The **total **surface area of a cone is the sum of the area of its base and the lateral (side) surface.

The **lateral surface area **of a cone is the area of the lateral or side surface only.

Since a cone is closely related to a pyramid, the formulas for their surface areas are related.

Remember, the formulas for the lateral surface area of a pyramid is $\frac{1}{2}pl$ and the total surface area is $\frac{1}{2}pl+B$.

Since the base of a cone is a circle, we substitute $2\pi r$ for $p$ and $\pi {r}^{2}$ for $B$ where $r$ is the radius of the base of the cylinder.

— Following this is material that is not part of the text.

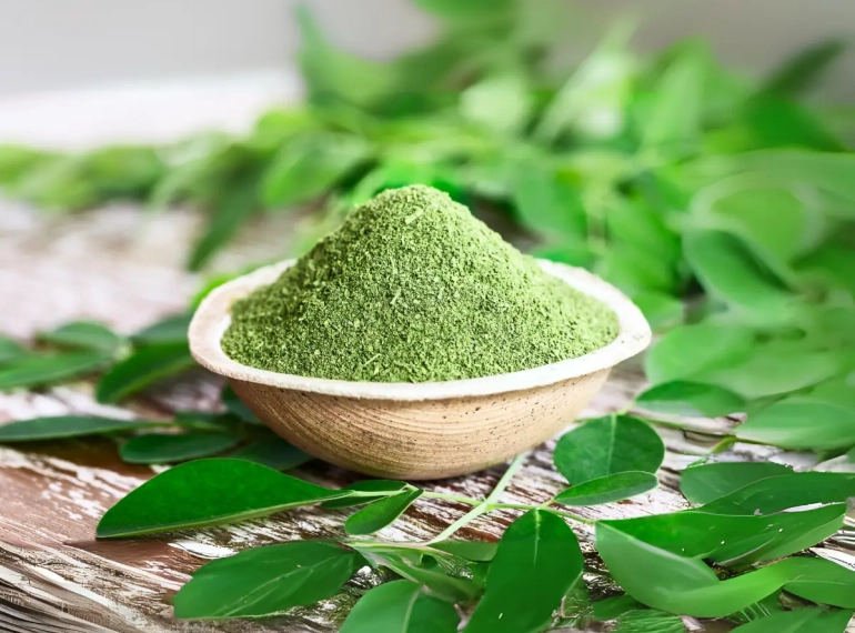 Powder Moringa Powder Nutrient-rich Moringa leaves, finely milled, vitamin-packed, used in supplements, wellness blends, skincare.

So, the formula for the **lateral surface area** of a right cone is $L.S.A=\pi rl$, where $l$
is the slant height of the cone*.*

**Example 1:**

Find the lateral surface area of a right cone if the radius is $4$ cm and the slant height is $5$ cm.

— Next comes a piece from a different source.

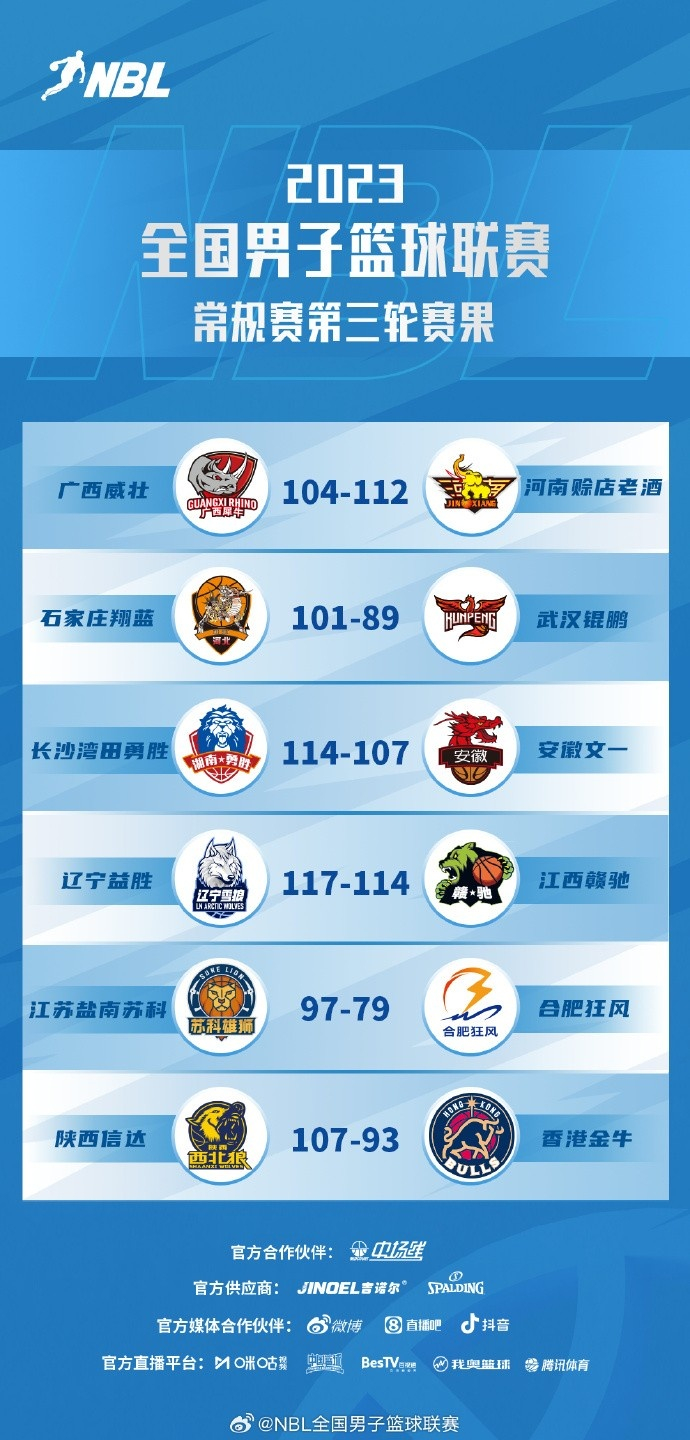 2023NBL常规赛第三轮六场比赛今日同时进行,赛季至今有两支球队未取得首胜。

$L.S.A=\pi \left(4\right)\left(5\right)=20\pi \approx 62.82\text{\hspace{0.17em}}\text{\hspace{0.17em}}{\text{cm}}^{2}$

The formula for the **total surface area **of a right cone is $T.S.A=\pi rl+\pi {r}^{2}$.

**Example 2:**

Find the total surface area of a right cone if the radius is $6$ inches and the slant height is $10$ inches.

$\begin{array}{l}T.S.A=\pi \left(6\right)\left(10\right)+\pi {\left(6\right)}^{2}\\ =60\pi +36\pi \\ =96\pi \text{\hspace{0.17em}}{\text{inches}}^{2}\\ \approx 301.59\text{\hspace{0.17em}}{\text{inches}}^{2}\end{array}$